Problem 2. Access Denied
On the problem about the Access Denied, it is cookie related. Answered below by #Wayne.
Unfortunately, I can't accept two answers.
Try this solution. convert your post data in array then pass this array in CURLOPT_POSTFIELDS
$posts = array(
"method"=>"fetchHeaderData",
"ajax"=>"true",
"company"=>29,
"security"=>146
);
$c = tempnam ("/tmp", "CURLCOOKIE");
$ch = curl_init();
curl_setopt($ch, CURLOPT_URL, "http://www.pse.com.ph/stockMarket/companyInfo.html");
curl_setopt($ch, CURLOPT_SSL_VERIFYPEER, false);
curl_setopt($ch, CURLOPT_COOKIESESSION, true );
curl_setopt($ch, CURLOPT_COOKIEJAR, $c);
curl_setopt($ch, CURLOPT_COOKIEFILE, $c);
curl_setopt($ch, CURLOPT_POSTFIELDS,$posts);
curl_setopt($ch, CURLOPT_USERAGENT, $_SERVER["HTTP_USER_AGENT"]);
curl_setopt($ch, CURLOPT_RETURNTRANSFER, true);
var_dump(curl_exec($ch));
curl_close ($ch);
It is because they have their server setup to stop you from doing that. They are securing the data with a cookie.
Cookie details
When you visit the site http://www.pse.com.ph/stockMarket/companyInfo.html it gives you a cookie as it knows you are a human visitor.
In your browser tools enter
document.cookie
to see your cookie. It will provide you an individual the data because you have the cookie.
Remove the cookie
document.cookie = "JSESSIONID=; expires=Thu, 01 Jan 1970 00:00:00 UTC; path=/;";
and visit
http://www.pse.com.ph/stockMarket/companyInfo.html?method=fetchHeaderData&company=29&security=146
without going to get a cookie http://www.pse.com.ph/stockMarket/companyInfo.html first you will get the 403 (Forbidden)
Also they do not have jsonp with a callback so an ajax request will violate the cross domain security. Requests for the JSON must be from pages that originate from their domain or an approved domain.
Why would they do that.
Likely their licence to the information does not allow them to give it to other websites, or they need/want to get paid to provide the information to other websites.
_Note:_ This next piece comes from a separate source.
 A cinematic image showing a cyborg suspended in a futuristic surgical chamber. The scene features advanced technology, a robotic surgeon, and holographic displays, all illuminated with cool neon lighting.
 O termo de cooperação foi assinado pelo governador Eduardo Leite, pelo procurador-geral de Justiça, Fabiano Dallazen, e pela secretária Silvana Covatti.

Or they have terms of use for the information.
Where can you get the data ... data wants to be free
I don't see anyplace on their site http://www.pse.com.ph where they have API information and how to request permission to access it.
Programable web has been the number one source for finding APIs, they have 96 stock APIs listed ... Obviously I can not just copy their data and past it here, but one of these API may work for you?
Related
I am trying to retrieve information from an external website using cURL, but the website returns a blank page.
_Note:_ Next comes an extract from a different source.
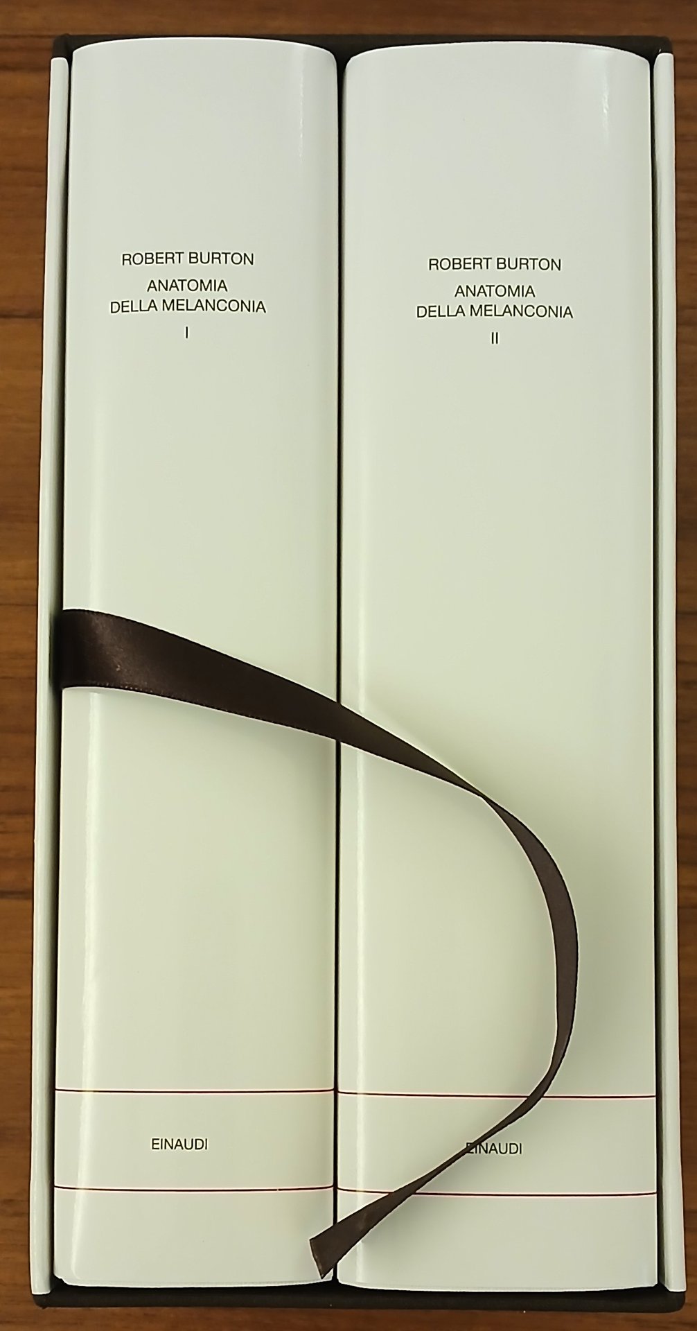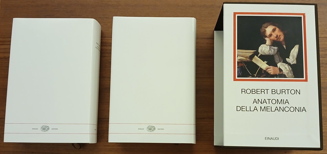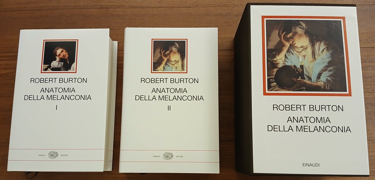 Collana "I millenni", Due volumi in 8°, legature editoriali in piena tela, sovraccoperte e custodia rigida illustrate a colori, pp. complessive CCLVI + XII,1867,(1), con 26 tavole in nero ed a colori fuori testo. Titolo originale "The Anatomy of Melancholy". A cura di Stefania D'Agata D'Ottavi. Volumi e custodia allo stato di nuovo, mai sfogliati.
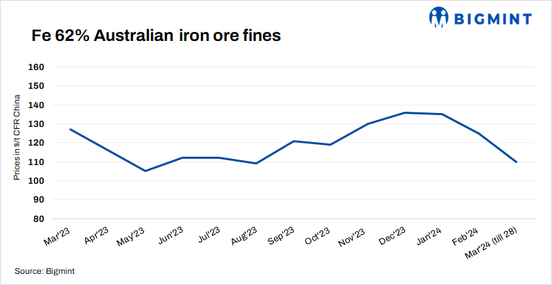 For example, Mysteel SEADEX 62% Australian Fines sat at $101.25/dmt CFR Qingdao on March 27, losing a total of $5.4/dmt from the prior week.

I took a close looker at the network functionality Chrome has and I think I found the problem, but I have no idea how to fix it. As seen in the image below, the server posts to a specific URL and then redirects to another one showing the final result.
This is the code I have right now:
$ch = curl_init();
curl_setopt($ch, CURLOPT_URL,"https://www.politie.nl/aangifte-of-melding-doen/controleer-handelspartij.html?_hn:type=action&_hn:ref=r199_r1_r1_r1");
curl_setopt($ch, CURLOPT_POST, 1);
curl_setopt($ch, CURLOPT_POSTFIELDS,"url=&query=test");
curl_setopt($ch, CURLOPT_HTTPHEADER, array('Content-Type: application/x-www-form-urlencoded'));
curl_setopt($ch, CURLOPT_RETURNTRANSFER, true);
echo curl_exec ($ch);
curl_close ($ch);
The website is in Dutch, but what I am trying to do is check a certain email, phone number or bank account number to see if they have been involved in any scams, so I would like to have the information that a user gets after submitting the form on the website.
The form is on this website: https://www.politie.nl/aangifte-of-melding-doen/controleer-handelspartij.html
I hope someone can help me and thank you for your time.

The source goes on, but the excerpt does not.